I believe a real challenge to community at this time in history is to provide legitimate opportunities for younger members to have a voice in the community— especially when looking at issues which directly impact the future of the community. It may be too late to start asking to hear our voice 20 years from now. While I am certainly willing to wait my turn in respect to my elders, I also believe that in community we must strive to listen to all the different voices who have a vested interest in the livelihood of our community. My experience within the Lakota culture has helped me to understand in a new way that each of us sees reality in a different light. While I may not always see things the same way as someone else, being able to hear and respect their perspective helps me to re-evaluate and refine how I perceive reality. This listening to one another in dialogue is a part of my understanding of our call to live the vow of obedience.
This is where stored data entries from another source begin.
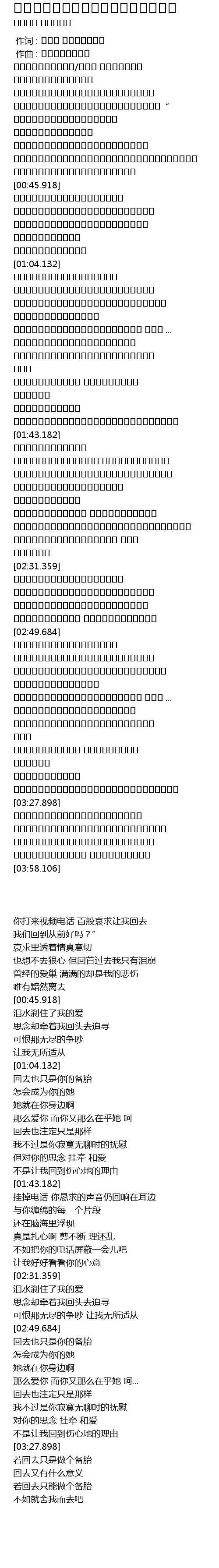 | [02:50.562] | 回去也只是你的备胎 |
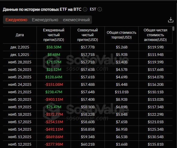 πΈ2 Π΄Π΅ΠΊΠ°Π±ΡΡ ΡΠΏΠΎΡΠΎΠ²ΡΠ΅ Π±ΠΈΡΠΊΠΎΠΈΠ½-ETF Π·Π°ΡΠΈΠΊΡΠΈΡΠΎΠ²Π°Π»ΠΈ ΠΎΠ±ΡΠΈΠΉ ΡΠΈΡΡΡΠΉ ΠΏΡΠΈΡΠΎΠΊ Π² ΡΠ°Π·ΠΌΠ΅ΡΠ΅ $58,5 ΠΌΠ»Π½, ΡΡΠΎ ΡΡΠ°Π»ΠΎ ΠΏΡΡΡΠΌ ΠΏΠΎΠ΄ΡΡΠ΄ Π΄Π½Π΅ΠΌ ΡΠΈΡΡΠΎΠ³ΠΎ ΠΏΡΠΈΡΠΎΠΊΠ°. Π‘ΠΏΠΎΡΠΎΠ²ΡΠ΅ ΡΡΠΈΡΠΈΡΠΌ-ETF Π·Π°ΡΠΈΠΊΡΠΈΡΠΎΠ²Π°Π»ΠΈ ΠΎΠ±ΡΠΈΠΉ ΡΠΈΡΡΡΠΉ ΠΎΡΡΠΎΠΊ Π² ΡΠ°Π·ΠΌΠ΅ΡΠ΅ $9,9 ΠΌΠ»Π½. Π‘ΠΏΠΎΡΠΎΠ²ΡΠ΅ ETF Π½Π° Solana Π·Π°ΡΠΈΠΊΡΠΈΡΠΎΠ²Π°Π»ΠΈ ΠΎΠ±ΡΠΈΠΉ ΡΠΈΡΡΡΠΉ ΠΏΡΠΈΡΠΎΠΊ Π² ΡΠ°Π·ΠΌΠ΅ΡΠ΅ $45,8 ΠΌΠ»Π½. XRP-ETF ΠΏΠΎΠ»ΡΡΠΈΠ»ΠΈ ΠΏΡΠΈΡΠΎΠΊ Π² ΡΠ°Π·ΠΌΠ΅ΡΠ΅ $67,74 ΠΌΠ»Π½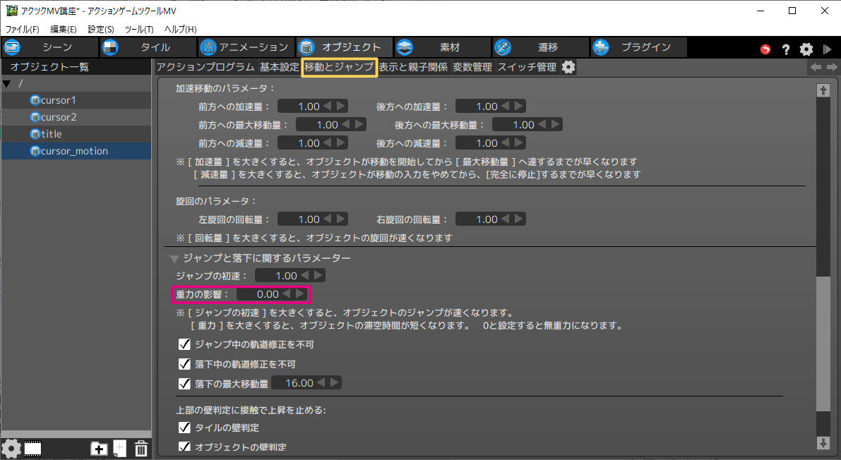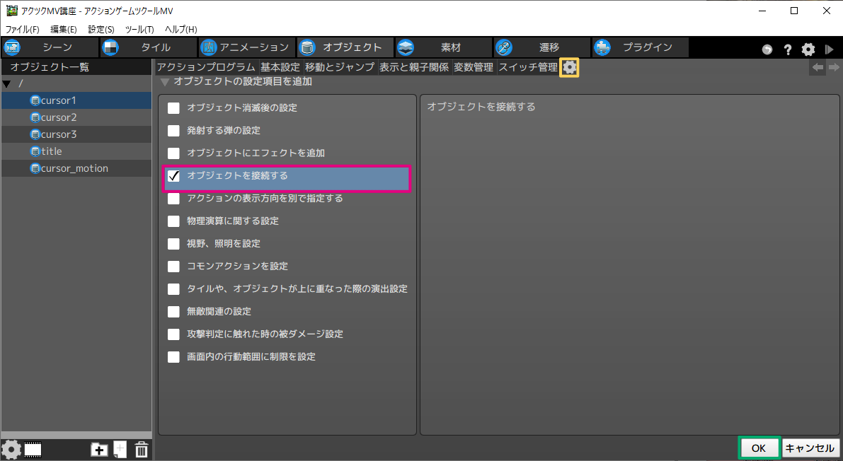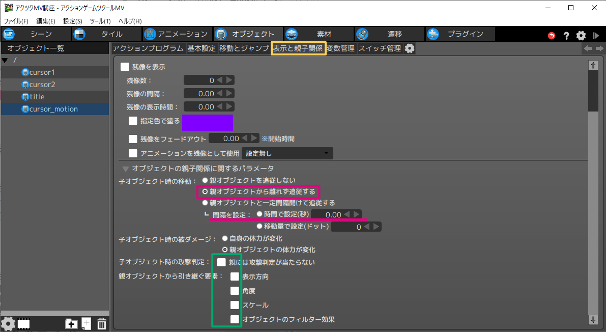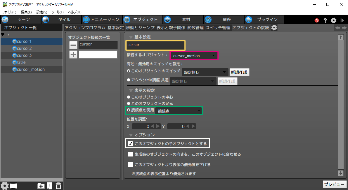 - このチェックを入れることで、cursor_motionオブジェクトがこのオブジェクトの子オブジェクトとして扱われます。子オブジェクトに設定すると、[表示と親子関係]の設定が反映され、接続点に追従するようになります。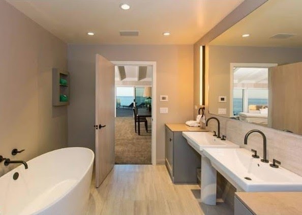 The beautiful songstress must sure love a large space. Her Florida mansion’s bathroom is designed with a tub at its centre and an oversized shower.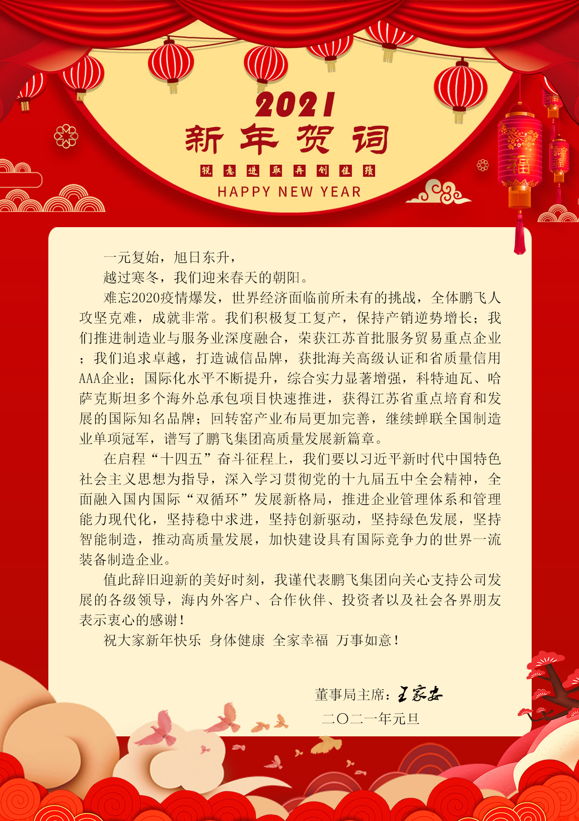 值此辭舊迎新的美好時刻,我謹代表鵬飛集團向關心支持公司發展的各級領導,海內外客戶、合作伙伴、投資者以及社會各界朋友表示衷心的感謝!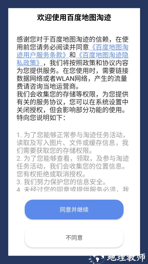 1、在本站下载百度地图淘迹 app 官方版,打开后同意相关协议,进入软件初始界面。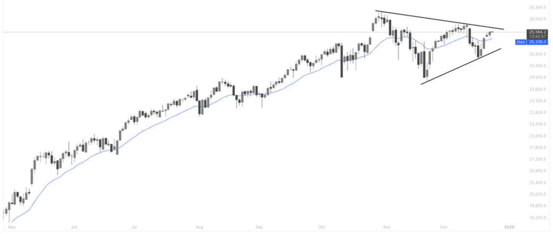 从日线结构看,NASDAQ 100 在前期强势上行后进入高位收敛区间,价格沿着下降上轨与抬升下轨运行,形成偏强的整理形态。当前指数仍稳守短期 EMA 之上,回落过程量能收敛,显示抛压有限、以消化获利盘为主;只要不有效跌破下轨与均线支撑,整体仍属多头趋势中的整理。策略上更适合跟随整理后的突破方向交易:向上突破上轨将重启趋势、打开新高空间;若跌破下轨与EMA,则需防范阶段性回调加深。

Surprises have also been very much a part of my experience of religious life. One of the most treasured surprises I have experienced has been the opportunity to develop significant relationships with sisters I never dreamt I’d feel so close to. It has been a gift to form intergenerational friendships. These have taken shape primarily through living in community with sisters of varying ages. While intergenerational living is not always easy, I have been blessed by some wonderful experiences. I continue to treasure the opportunity I had in preparing for final vows to live with two sisters who were both more than 40 years my senior. They were wonderful examples of the possibility of living faithfully the call to religious life. They also were great wisdom figures for me at a time that I was seeking answers to lots of questions. At the same time they gave me the wings I needed to continue to be the person I was at that stage in my life’s journey. Living with the two of them was a big reason I was able to say yes to this lifestyle—forever. Additionally, friends who are 10 to 20 years older have been mentors; they’re women I continue to look to as role models. I have been graced by their example of living this life well. Additionally, these are my sisters who have challenged me to become my best self. This gift of relationships in community is one I treasure most dearly.

Has community been what I expected? Have I faced unexpected realities? I think I could honestly answer yes and no to both questions. Yes, community has been what I expected and no, it’s not been. It’s usually been much more! What remains most true is that community has been a living, dynamic experience of growth into greater wholeness and holiness for me as I journey with my sisters in mission. It is for me the pearl of great price hidden in a field, which I have found and is worth giving my all to attain. Would I give it up? No way! I’m at home being a School Sister of Notre Dame.

Julie Brandt, SSND is a School Sister of Notre Dame from the Mankato Minn. province. She lives and ministers as principal of St. Bernard Mission School on the Standing Rock Reservation in Fort Yates, N.D. She has been professed for 15 years and currently serves on her province's vocation advisory board.